**Problem requirements**.
Beneath this line sits some data. Return only its lines from the one holding "传统制造业可以通过采用新型环" through the one holding "受盘面影响,科创半导体相关ETF涨约3%。", inclusive, exactly, with the images removed.

**Records to use**.
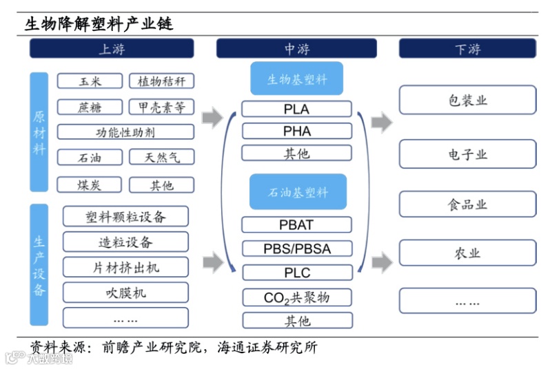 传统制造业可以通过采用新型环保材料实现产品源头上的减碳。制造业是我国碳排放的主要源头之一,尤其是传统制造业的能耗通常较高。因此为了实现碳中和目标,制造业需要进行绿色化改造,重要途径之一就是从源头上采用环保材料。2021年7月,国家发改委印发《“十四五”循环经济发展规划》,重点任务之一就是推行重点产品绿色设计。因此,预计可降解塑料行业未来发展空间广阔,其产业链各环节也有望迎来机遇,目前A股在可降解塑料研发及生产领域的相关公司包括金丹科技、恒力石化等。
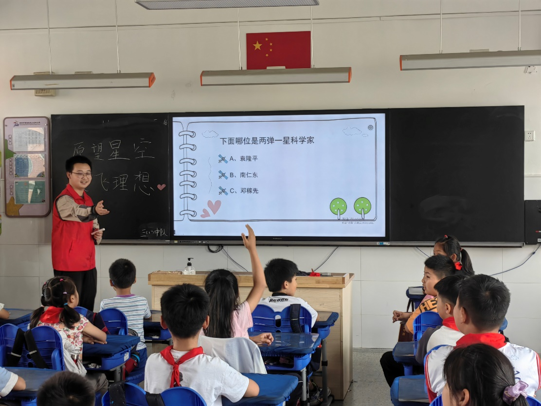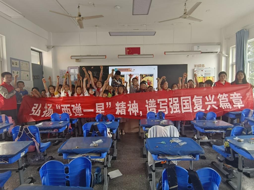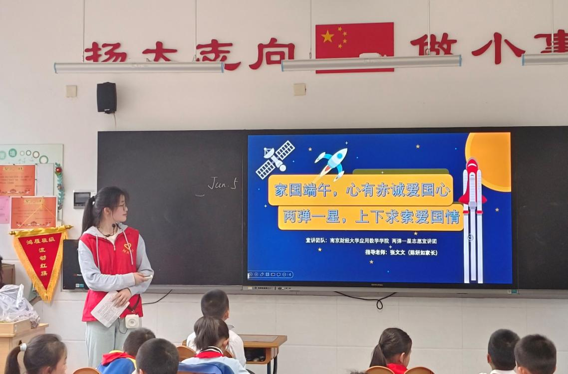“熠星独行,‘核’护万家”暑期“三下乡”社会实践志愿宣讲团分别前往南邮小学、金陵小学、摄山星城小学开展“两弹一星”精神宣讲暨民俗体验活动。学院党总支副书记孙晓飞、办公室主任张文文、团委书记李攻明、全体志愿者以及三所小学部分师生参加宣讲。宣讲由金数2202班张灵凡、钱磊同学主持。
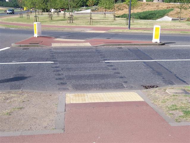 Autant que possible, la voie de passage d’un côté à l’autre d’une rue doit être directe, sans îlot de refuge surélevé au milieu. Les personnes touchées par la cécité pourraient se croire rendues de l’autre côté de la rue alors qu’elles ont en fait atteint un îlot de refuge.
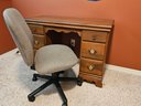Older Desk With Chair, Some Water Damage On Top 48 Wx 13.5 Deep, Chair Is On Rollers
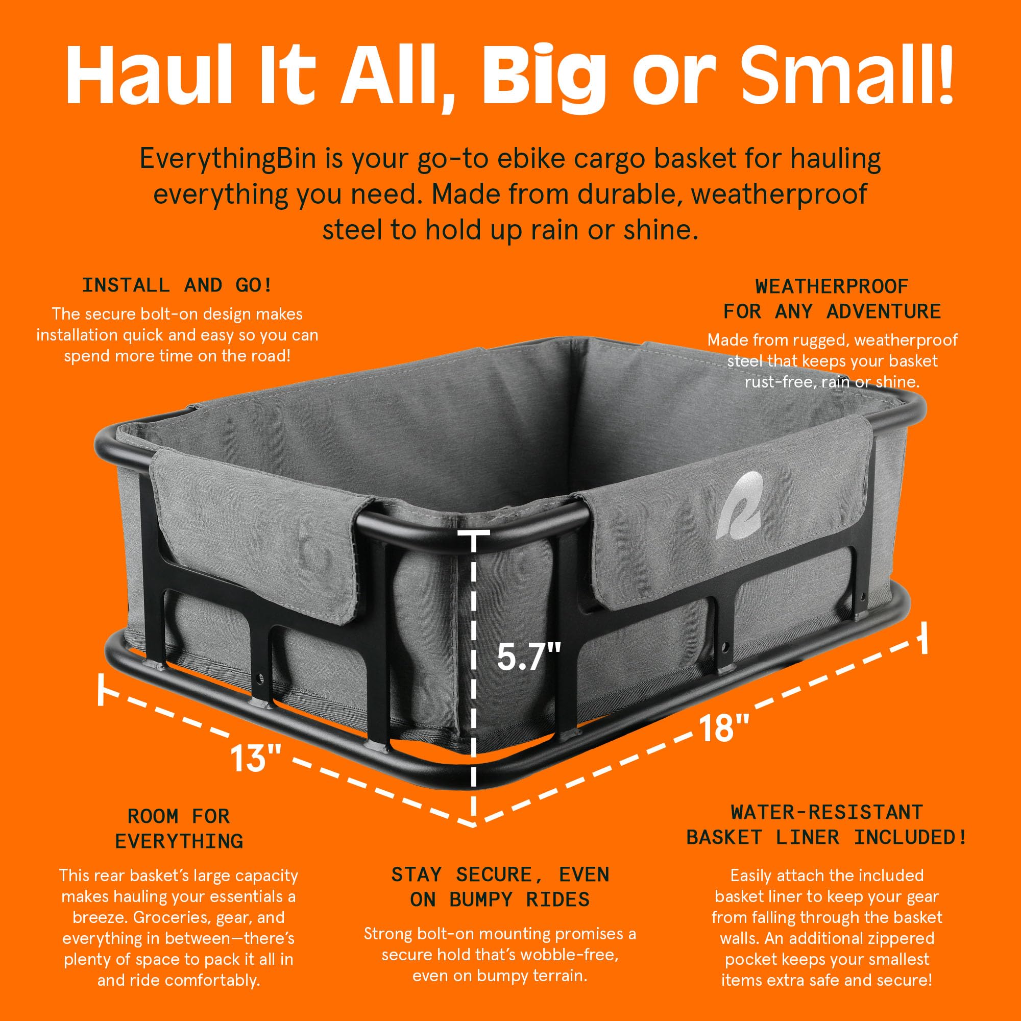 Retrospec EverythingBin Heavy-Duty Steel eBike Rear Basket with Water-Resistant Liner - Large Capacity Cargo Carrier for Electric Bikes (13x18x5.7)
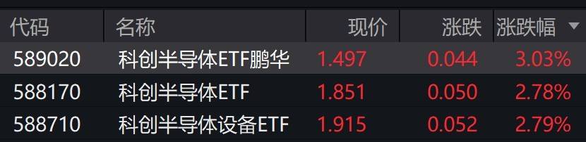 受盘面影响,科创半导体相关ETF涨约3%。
* * *
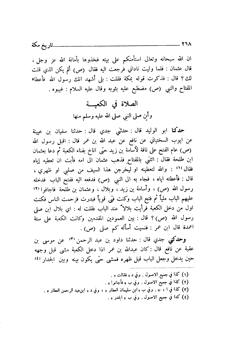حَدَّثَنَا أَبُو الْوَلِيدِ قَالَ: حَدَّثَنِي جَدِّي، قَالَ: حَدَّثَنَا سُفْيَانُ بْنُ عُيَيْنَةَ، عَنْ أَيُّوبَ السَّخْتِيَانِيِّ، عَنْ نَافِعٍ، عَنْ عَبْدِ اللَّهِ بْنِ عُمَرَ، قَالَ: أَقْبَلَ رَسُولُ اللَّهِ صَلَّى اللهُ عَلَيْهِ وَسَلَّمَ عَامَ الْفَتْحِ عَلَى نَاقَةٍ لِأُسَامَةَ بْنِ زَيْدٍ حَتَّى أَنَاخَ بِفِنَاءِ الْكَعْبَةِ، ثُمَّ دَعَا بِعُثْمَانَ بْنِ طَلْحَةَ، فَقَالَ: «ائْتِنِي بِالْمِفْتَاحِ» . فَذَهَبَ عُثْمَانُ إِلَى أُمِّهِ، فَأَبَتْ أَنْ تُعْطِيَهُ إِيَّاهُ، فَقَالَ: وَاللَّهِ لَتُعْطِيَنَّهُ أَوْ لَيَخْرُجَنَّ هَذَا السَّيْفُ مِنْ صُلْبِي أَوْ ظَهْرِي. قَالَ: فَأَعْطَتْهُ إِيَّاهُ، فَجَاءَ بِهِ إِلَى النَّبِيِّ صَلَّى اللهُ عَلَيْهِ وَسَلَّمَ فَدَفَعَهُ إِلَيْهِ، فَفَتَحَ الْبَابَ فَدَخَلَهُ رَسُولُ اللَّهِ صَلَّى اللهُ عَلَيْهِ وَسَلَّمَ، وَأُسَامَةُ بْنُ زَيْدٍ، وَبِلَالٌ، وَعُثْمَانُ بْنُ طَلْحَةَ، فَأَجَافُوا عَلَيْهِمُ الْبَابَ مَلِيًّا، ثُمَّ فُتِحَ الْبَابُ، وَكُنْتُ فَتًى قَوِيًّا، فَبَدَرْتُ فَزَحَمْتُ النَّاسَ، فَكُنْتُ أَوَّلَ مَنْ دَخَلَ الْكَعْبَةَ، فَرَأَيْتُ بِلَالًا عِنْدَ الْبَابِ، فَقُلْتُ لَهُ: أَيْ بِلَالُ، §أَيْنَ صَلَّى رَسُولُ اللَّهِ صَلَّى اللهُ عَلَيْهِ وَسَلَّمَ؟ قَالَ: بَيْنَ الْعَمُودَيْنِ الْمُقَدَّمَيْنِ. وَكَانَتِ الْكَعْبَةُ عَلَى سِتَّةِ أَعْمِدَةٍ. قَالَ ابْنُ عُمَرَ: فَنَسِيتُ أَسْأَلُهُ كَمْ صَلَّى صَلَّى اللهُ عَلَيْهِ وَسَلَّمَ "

**Exercise response**.
 传统制造业可以通过采用新型环保材料实现产品源头上的减碳。制造业是我国碳排放的主要源头之一,尤其是传统制造业的能耗通常较高。因此为了实现碳中和目标,制造业需要进行绿色化改造,重要途径之一就是从源头上采用环保材料。2021年7月,国家发改委印发《“十四五”循环经济发展规划》,重点任务之一就是推行重点产品绿色设计。因此,预计可降解塑料行业未来发展空间广阔,其产业链各环节也有望迎来机遇,目前A股在可降解塑料研发及生产领域的相关公司包括金丹科技、恒力石化等。
“熠星独行,‘核’护万家”暑期“三下乡”社会实践志愿宣讲团分别前往南邮小学、金陵小学、摄山星城小学开展“两弹一星”精神宣讲暨民俗体验活动。学院党总支副书记孙晓飞、办公室主任张文文、团委书记李攻明、全体志愿者以及三所小学部分师生参加宣讲。宣讲由金数2202班张灵凡、钱磊同学主持。
 Autant que possible, la voie de passage d’un côté à l’autre d’une rue doit être directe, sans îlot de refuge surélevé au milieu. Les personnes touchées par la cécité pourraient se croire rendues de l’autre côté de la rue alors qu’elles ont en fait atteint un îlot de refuge.
Older Desk With Chair, Some Water Damage On Top 48 Wx 13.5 Deep, Chair Is On Rollers
 Retrospec EverythingBin Heavy-Duty Steel eBike Rear Basket with Water-Resistant Liner - Large Capacity Cargo Carrier for Electric Bikes (13x18x5.7)
 受盘面影响,科创半导体相关ETF涨约3%。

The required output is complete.